Así como aquel célebre Conpes titulado ‘Colombia por la primera infancia’ marcó el comienzo de una toma de conciencia sobre la importancia de la inversión en esa etapa crucial para el desarrollo, asumir ahora como una apuesta de Estado la formación de lectores es un asunto de supervivencia educativa y económica.
El bajo interés por la cultura oral y escrita que se menciona en el diagnóstico del Conpes es tristemente conocido y ha sido corroborado por los puntajes de las pruebas nacionales e internacionales de lectura durante muchos años. En eso, todos estamos de acuerdo; sin embargo, hay preguntas esenciales sobre el lugar real que se le asigna a la lectura en este país y en esta democracia que deberían preocuparnos más que los meros aspectos de infraestructura escolar y bibliotecaria.
Si los libros han sido objeto de tantas mutaciones y tantas inequidades, y si hoy se pueden guardar bibliotecas inmensas, portátiles y ubicuas entre el bolsillo, las ideas sobre lectura, educación y bibliotecas, con todos sus campos semánticos y en todos sus escenarios, requieren de una reflexión más sustentada sobre lo que significa hoy la formación de lectores y escritores.
En este país que parece cada vez menos dispuesto a debatir versiones distintas, en el que muchos ciudadanos y medios de comunicación han sido proscritos por el simple hecho de hacer lecturas críticas y en el que la cultura se está confundiendo con frases hechas sobre emprendimiento, en fondo naranja, parece un contrasentido pedir a las instituciones educativas, como si estuvieran en una burbuja, que tengan razones para creer en lo que hoy no tiene reconocimiento en la vida real de Colombia.
Quizás por poner el foco en las instituciones educativas, el documento Conpes olvida referirse al ecosistema cultural que le da contexto a la experiencia lectora y en el que se inserta la cadena del libro.
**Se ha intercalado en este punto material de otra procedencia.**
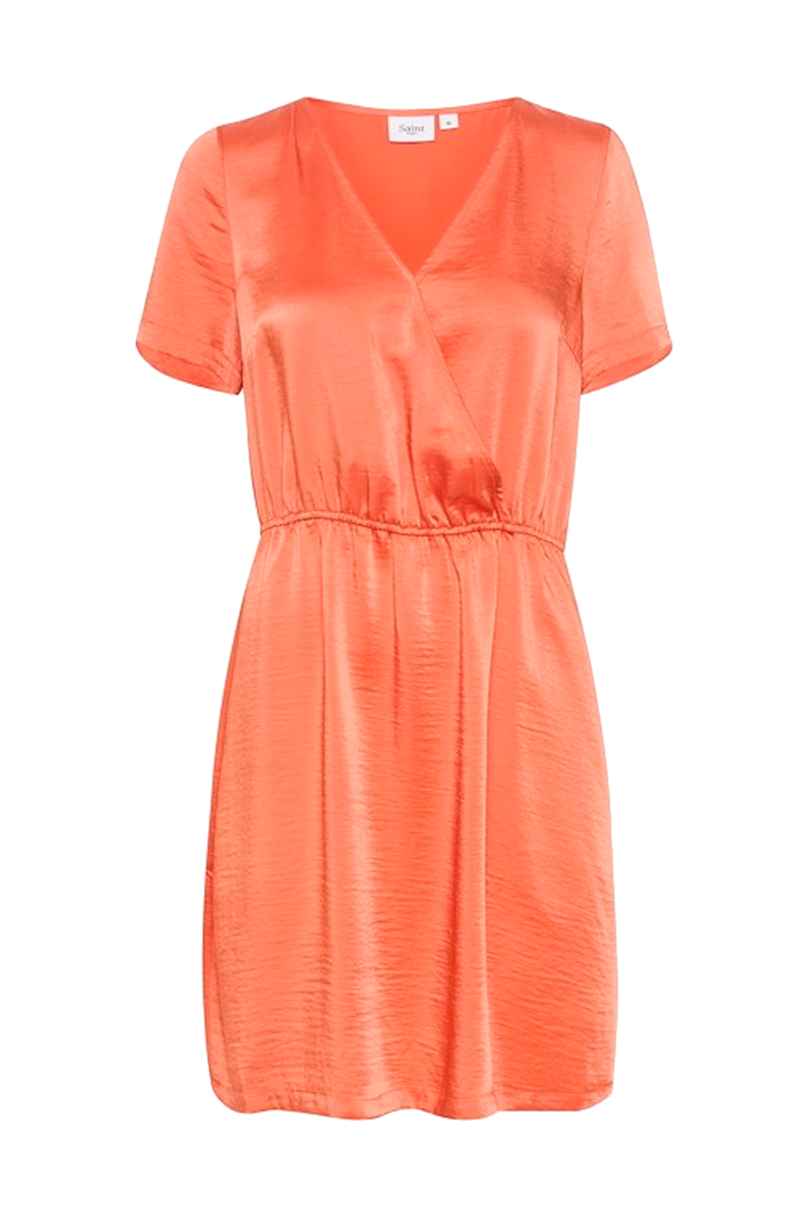 • Kjole i satin• V-udskæring med slå-om• Korte ærmer• Elastisk talje• Længde: 93 cm i størrelse S
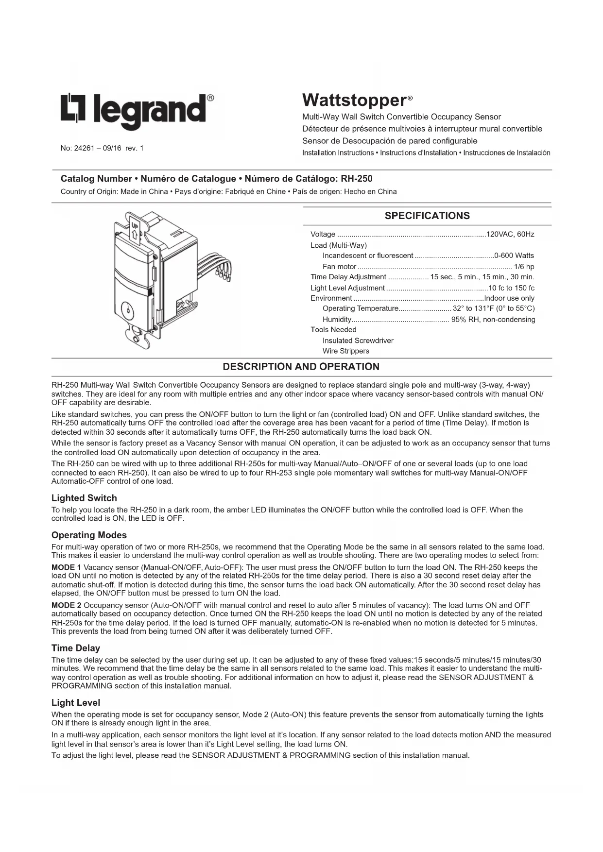 Les détecteurs de présence à interrupteur mural convertible multivoies RH-250 sont conçus pour remplacer les interrupteurs standard unipolaires et multivoies (3 voies, 4 voies). Ils sont idéaux pour toute pièce avec plusieurs entrées et autres espaces intérieurs où des contrôles de présence basés sur des détecteurs avec capacités de marche/arrêt manuelles sont souhaitables. Comme pour les interrupteurs standard, vous pouvez appuyer sur le bouton marche/arrêt pour allumer ou éteindre la lumière ou le ventilateur (charge contrôlée). Contrairement à un interrupteur standard, le RH-250 éteint automatiquement les appareils lorsque sa zone de couverture est demeurée inoccupée pendant un certain temps (délai de temporisation). Si le RH-250 détecte un mouvement dans les 30 secondes après s’être éteint automatiquement, la lumière se rallume automatiquement. Lorsque le détecteur est réglé par défaut comme détecteur d’inoccupation
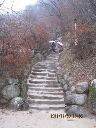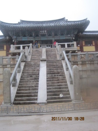 >仏国寺 白雲橋、青雲橋は、階段を「橋」という。この壁の向こうが極楽で、こちらが現世である。上が青雲橋で、下が白雲橋。参詣者が、白雲橋をわたれば苦しみに満ちた現世を安らかな仏の世界に入ることができると言われる。然し、いまは立ち入りが禁止されている。二つの橋は全部で33段あり、仏門ではひとは33段までしか登ることができない。悟りはひとには厳しい越えられない海断えもあるのだ。だから他力本願でもある。仏の力なしには救われないという教えでもある。 極楽ヘ架かる白雲橋、青雲橋 17段と、16段ある。上が紫霞門、その先に本殿の大雄殿がある。 >仏国寺の世界観は興味深い。地上に造られた極楽の世界がある。
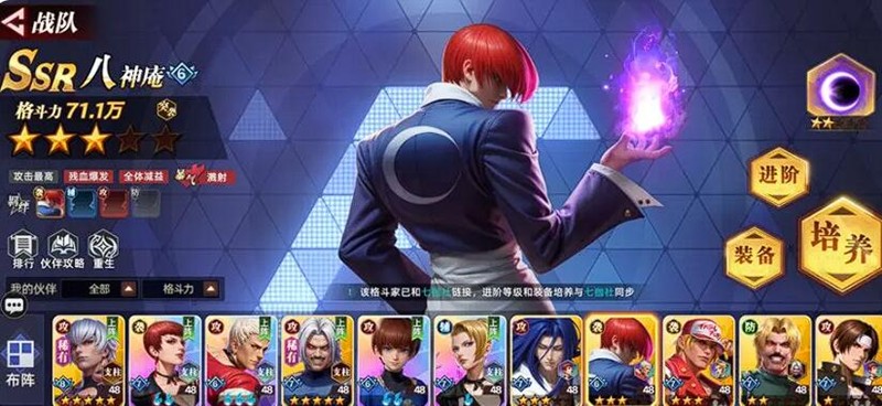 游戏的核心玩法围绕着角色收集与阵容搭配展开。通过心愿招募系统,玩家可以定向获取八神庵、草薙京等强力角色。这些经典格斗家之间还存在特殊羁绊效果,合理搭配可以显著提升队伍整体实力。比如八神庵与草薙京的组合就能产生强大的战斗协同。
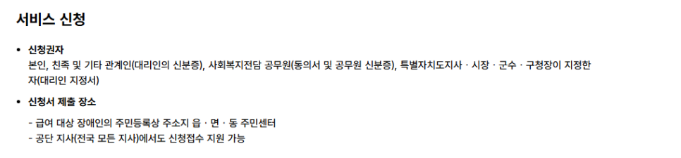 - 「장애인복지법」에 따라 장애 등록이 완료된 사람
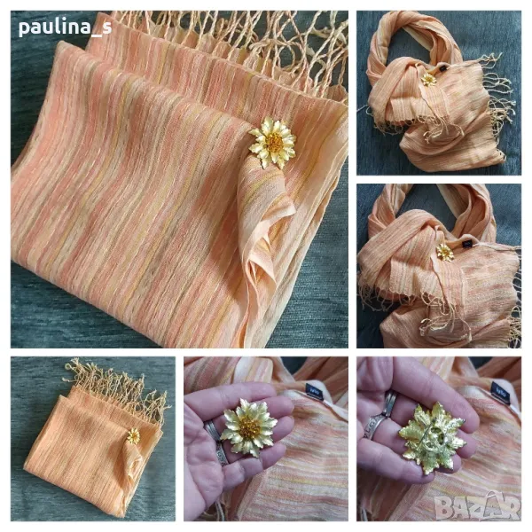 9️⃣. Колаж 3 - Дизайнерски шал "Kello" описание (3) - цена 19,99лв и винтидж руска брошка.

La omisión en esta apuesta de las librerías, de los creadores y los artistas –incluso de los autores del documento–, de los editores y de tantas iniciativas culturales de encuentro con los libros que se han desarrollado desde hace muchos años en tantos lugares del país, muchas veces al margen de las ayudas gubernamentales, deja la política circunscrita a la educación oficial, y hoy tenemos claro que el al mundo simbólico es más complejo, más rico y diverso, y menos centralizado, y que todos los eslabones de la cadena necesitan apoyo para funcionar juntos.
Tal vez es esa desconexión con el ecosistema cultural y esa escisión entre la lectura escolarizada y tantas otras formas de leer, escribir, debatir y decir las que han hecho creer a muchas personas de este país, durante muchas generaciones, que la lectura no tiene mucho que ver con sus vidas ni con la oportunidad de descifrar e inventar una historia distinta.
Pensarla como un propósito nacional, colectivo y de largo plazo, supone también apostar por un trabajo de equipo, en diálogo permanente con todos los eslabones de la cadena y con todas las formas posibles, muchas aún no inventadas, de leer, escribir, expresarse, participar y tener una voz desde el comienzo y durante toda la vida.